- Born: 5 April 1751
- Died: 25 January 1822 (aged 70)
- Occupations: Reader, secretary and observer
- Spouse: François Huber (1750-1831)
- Children: Pierre Huber (1777-1840), Marie Anne Huber (1779-1871), Jean Huber (1785-1839)
- Parents: Pierre Lullin (1712-1789) (father); Sarah Rilliet (1723-1751) (mother);

= Marie-Aimée Lullin =

Swiss entomologist

Marie-Aimée Lullin (5 April 1751 – 25 January 1822) was the transcriber and observer for her husband, a highly regarded entomologist who became blind at an early age.

== Life ==
Lullin was the daughter of Pierre Lullin (1712–1789), who served as syndic of Geneva, and Sarah Rilliet (1723–1751).

She married François Huber (1750–1831), the famous blind entomologist, on 28 April 1776 in Geneva, Republic of Geneva after having to wait seven years to do so. Lullin had become friends with Huber at 17 when they were dance partners, but Lullin's father would not allow her to marry, at so young an age, a man with failing eyesight. Instead of abandoning Huber, she decided to wait until she had attained the age of 25, when she was legally allowed choose a husband despite the disapproval of her father. Their marriage was such a love story that they were the inspiration for the novel Delphine by Germaine de Staël and was noticed by Voltaire in their correspondence. Lullin stood with her husband as a life-long partner and helped to alleviate his blindness where she could, so that he never truly felt misfortune in being blind.

They had three children together: Pierre Huber (1777–1840), Marie Anne Huber (1779–1871) who married Samuel de Molin, and Jean Huber (1785–1839). Her death in 1822 affected her husband deeply, causing him to slow down, under the care of their daughter, Marie Anne.

Lullin was described as having a small stature while also being incredibly full of life, so much that Huber would apply the same characteristics of the bees to his wife. Her husband's description of her was mens magna in corpore parvo, which translates to 'great mind in a small body'. Huber then applied this description to the bees, describing them with the phrase, Ingentes animos angusto in pectore versant, translating to 'Their little bodies lodge a mighty soul'.

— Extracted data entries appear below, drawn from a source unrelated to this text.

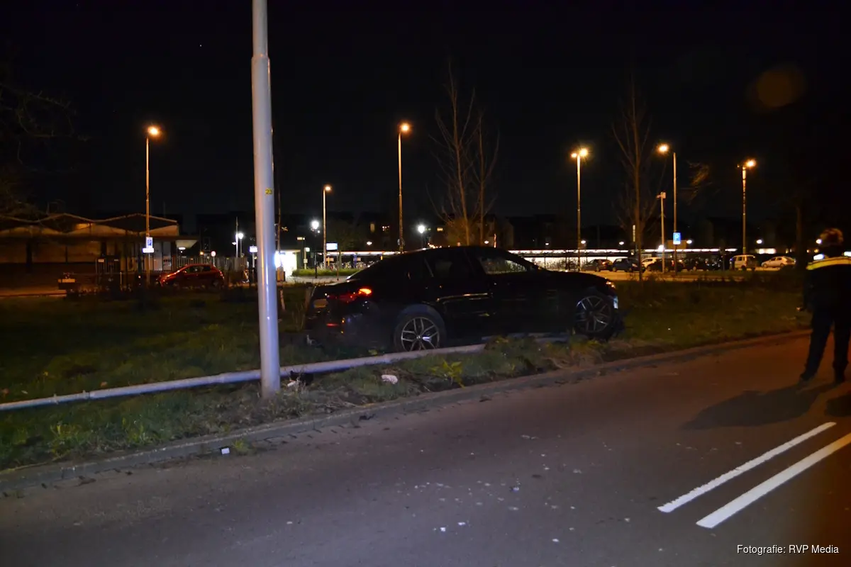 Een automobilist verloor in een bocht de macht over het stuur en botste tegen een lantaarnpaal aan de zijkant van de weg. De auto kwam vervolgens in het gras tot stilstand.
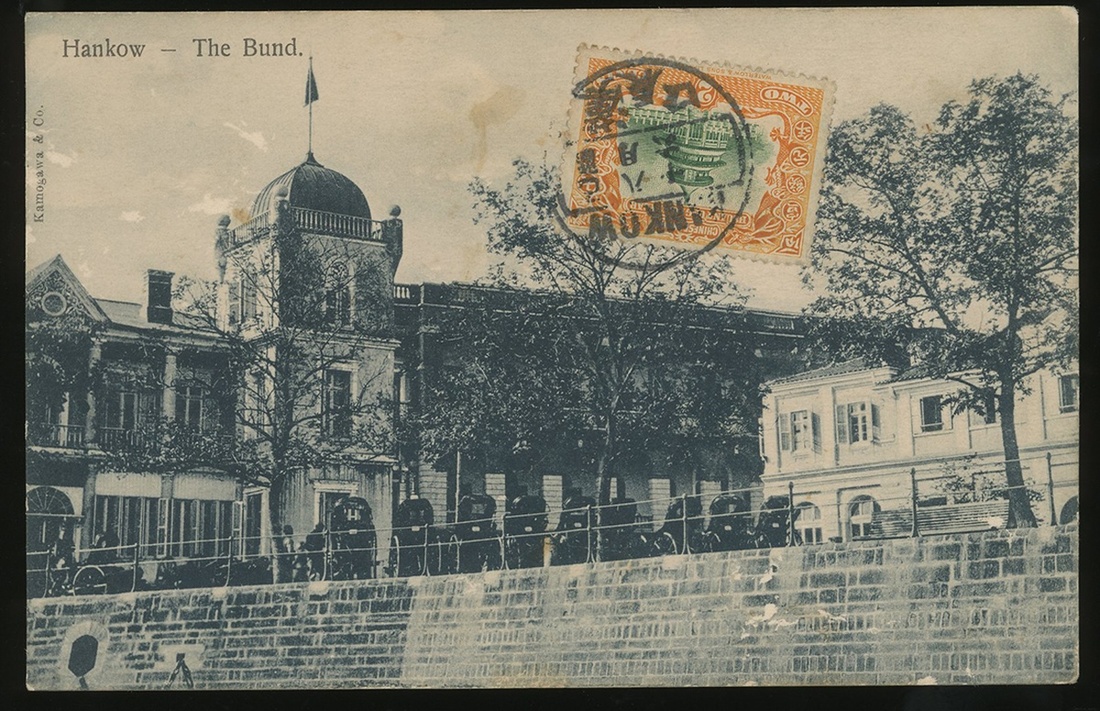 清末漢口題材圖畫明信片1件,背面貼宣統登基紀念郵票2分1枚,銷漢口己酉八月十六英漢辰字腰框戳,保存完好
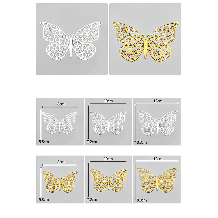 Bộ 12 con bướm dán tường kim loại cắt lớp dễ thương
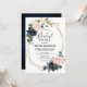 Chá de panela geométrico azul-escuro com buquê elegante de azul-marinho, azul-real, branco, rosa-esbranquiçado e folhas verdes-sábio de eucalipto e elegante quadro neutro geométrico de brilho. Entre em contato comigo para obter ajuda sobre a personalização ou se você precisar de outro produto com este design.

In 1991, a Venus crater was named after Marie Lullin. It is located 23.1 N and 81.0 E, and it measures 24 km.

== Research ==
Lullin was considered "one of the earliest women to study insects experimentally." Lullin became her husband's "reader, secretary and observer." Together with their son Pierre and a servant, François Burnens, she helped Huber carry out his experiments that laid the foundations of scientific knowledge with regard to the life and biology of the honey bee. While her roles were never specified in their work, she was described as "a good pair of eyes for him," especially as blindness fully set in. She and Burnens would make the observations through Huber's questioning, and then he would come to his own conclusions. In volume one of Huber's book Nouvelles Observations sur les Abeilles (New Observations on Bees), Burnens received recognition for his assistance in the preface, whereas Lullin did not. When Burnens had left Huber, Marie had gained a larger role doing more of the investigations and all of the observations while working with their son. Pierre would go on to be an editor for volume two of Huber's book, where Marie was still uncredited.

Their discoveries on bees include the mating processes of the queen, the communicative function of the antenna, the production of wax, and the process of how drones left the hive.